Visual Profiler makes bandwidth 6x faster ?!?

Hello,

When Visual Profiler of Cuda Toolkit 7 RC1 is running and Skybuck’s Test CUDA Memory Performance Bandwidth application is run the bandwidth is suddenly 6 times higher ! It’s 12 GB/sec instead of 2 GB/sec (GT 520).

GPU-Z shows the GPU memory load to reach something like 70% when visual profiler is running and only 20% if visual profiler is not running.

What is going on here ? To me it seems that perhaps Windows or the Graphics Driver is intentionally limiting the GPU memory load, like it’s being bottlenecked ? Or perhaps Visual Profiler uses some trick to enable higher GPU memory load ? Or it’s some kind of feature being enabled inside this graphics driver ?!?

I’d like an explanation pls !

Bye,
Skybuck.

Visual profiler does various un-obvious things when profiling your code. For example, it may re-run kernels, something your application would not normally do. This can have an impact on performance measurements you build into your code. Furthermore, re-running a bandwidth-intensive kernel could easily cause the GPU-Z measurement to go up.

If you want to look at performance characteristics while visual profiler is running, you should look at the specific operations you care about in the timeline, and gather performance metrics on them directly from within visual profiler, either based on the data that is already captured, or else by running specific experiments (e.g. kernel bandwidth analysis)

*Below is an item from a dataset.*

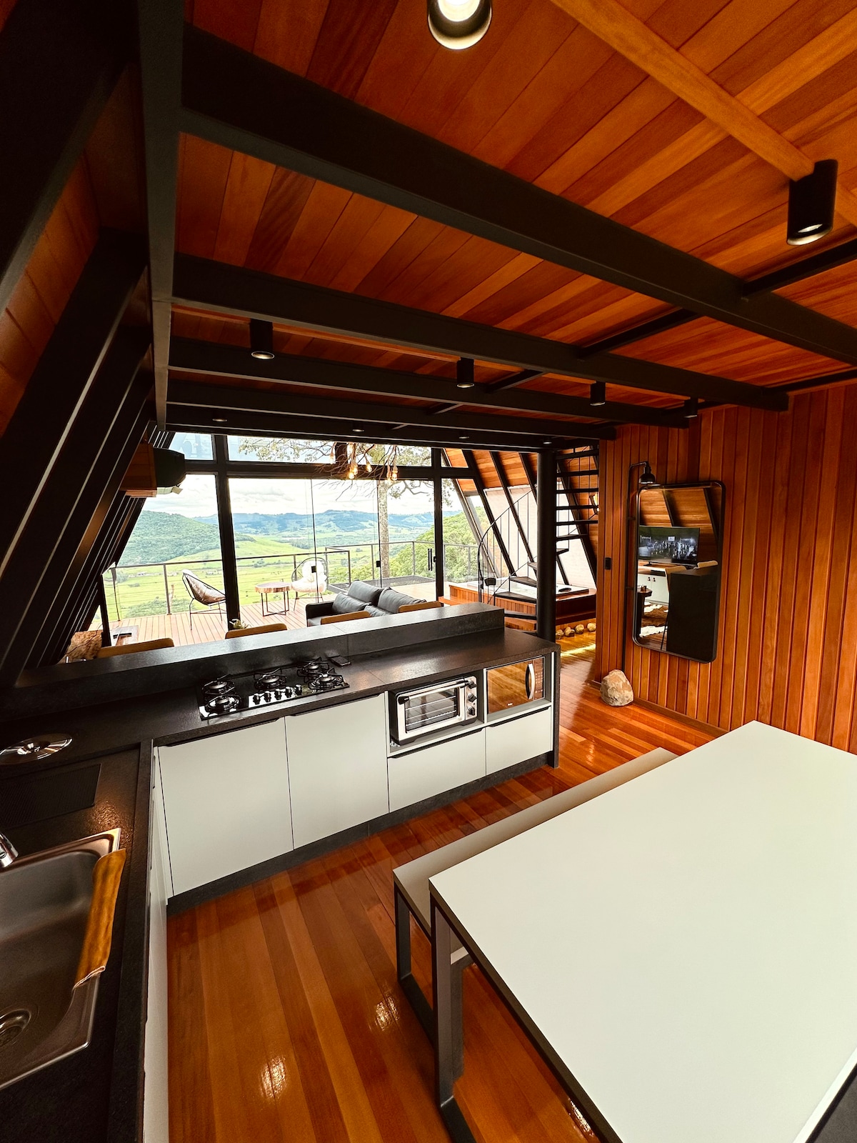 A MoonValle é uma cabana A-frame pensada para casais que buscam dias de descanso e conexão com a natureza. Com vista para as montanhas, banheira de hidromassagem e uma decoração que mescla o moderno ao retrô, ela oferece o cenário ideal para desacelerar. A estadia inclui calefator, ar-condicionado, cozinha equipada, churrasqueira portátil, firepit na área externa e wi-fi. Para tornar a chegada ainda mais especial, oferecemos uma cesta de boas-vindas. E sim, seu pet é muito bem-vindo!

The visual profiler does not produce and results. It runs, a bar is displayed… collecting measurements etc… then my bandwidth test runs… it’s my bandwidth test that reports high bandwidth in it’s graph… it’s gpu-z which report memory controller load of 70% instead of the usual 20%.

For now I cannot evaluate if the profiler and/or bandwidth test is running correctly because it doesn’t really compute anything… so no way to check if that is off… even if it were same… perhaps visual profiler runs some part of cuda kernel in cpu memory or so… or perhaps it uses other tricks.

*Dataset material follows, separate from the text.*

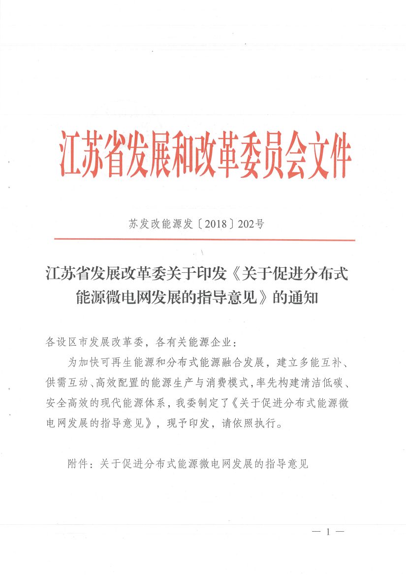 江蘇省發(fā)展改革委關(guān)于印發(fā)《關(guān)于促進(jìn)分布式能源微電網(wǎng)發(fā)展的指導(dǎo)意見》的通知,為加快可再生能源和分布式能源融合發(fā)展,制定出臺關(guān)于促進(jìn)分...
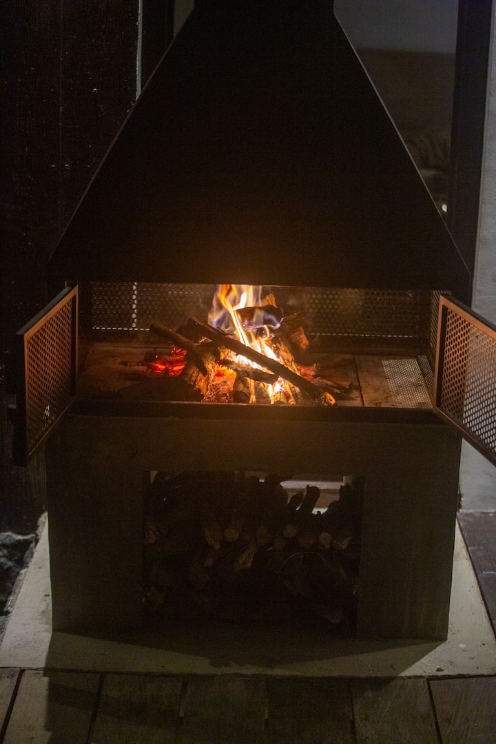Relax with the outdoor shower and hot tub.

Also why can visual profiler not profile my application which uses cuda driver api ?

Skybuck,

The Visual Profiler can trace a CUDA application and profile CUDA kernels for applications that use the CUDA runtime or CUDA driver API.

If you are using a 3rd party tool to monitor memory bandwidth utilization you will see different behavior in trace and profiling mode. In trace mode you should see negligible change in bandwidth. In profiling mode the Visual Profiler (nvprof/CUPTI) will enter kernel replay mode in order to collect all of the performance counters. Kernel replay will save all mutable memory before launching the kernel. After the kernel completes all mutable memory will be restored. The save logic will try to save device memory to available memory in performance order: device memory, pinned system memory, paged system memory, and finally disk. If your application allocates all device memory (which I believe your application does) then all device memory will need to be saved to system memory or disk. This can result in extremely long capture times. If you are monitoring memory bandwidth during save or restore you should see periods of maximum device bandwidth followed by reduced bandwidth as data is copied from device memory to system memory or back.

The Visual Profiler works with the CUDA runtime and CUDA driver API. If you are unable to collect results then I would recommend you post a reproducible so the development team can look into the issue.

I would recommend quickly changing the application to allocate a small portion of device memory and see if the Visual Profiler starts to work. If this is the case then either (a) save/restore is taking significant time, or (b) there is a bug in the tool.

Here is the “reproducible”.

http://www.skybuck.org/CUDA/BandwidthTest/version%200.09/Packed/TestCudaMemoryBandwidthPerformance.rar

If you guys have an GT 520 and Cuda Toolkit 7 RC1 installed with matching driver you can test for yourself and see if it works. On my system (windows 7 ultimate x64) it does not work.

Maybe I could try and make a 64 bit version instead of 32 bit version but I doubt that will solve anything ;).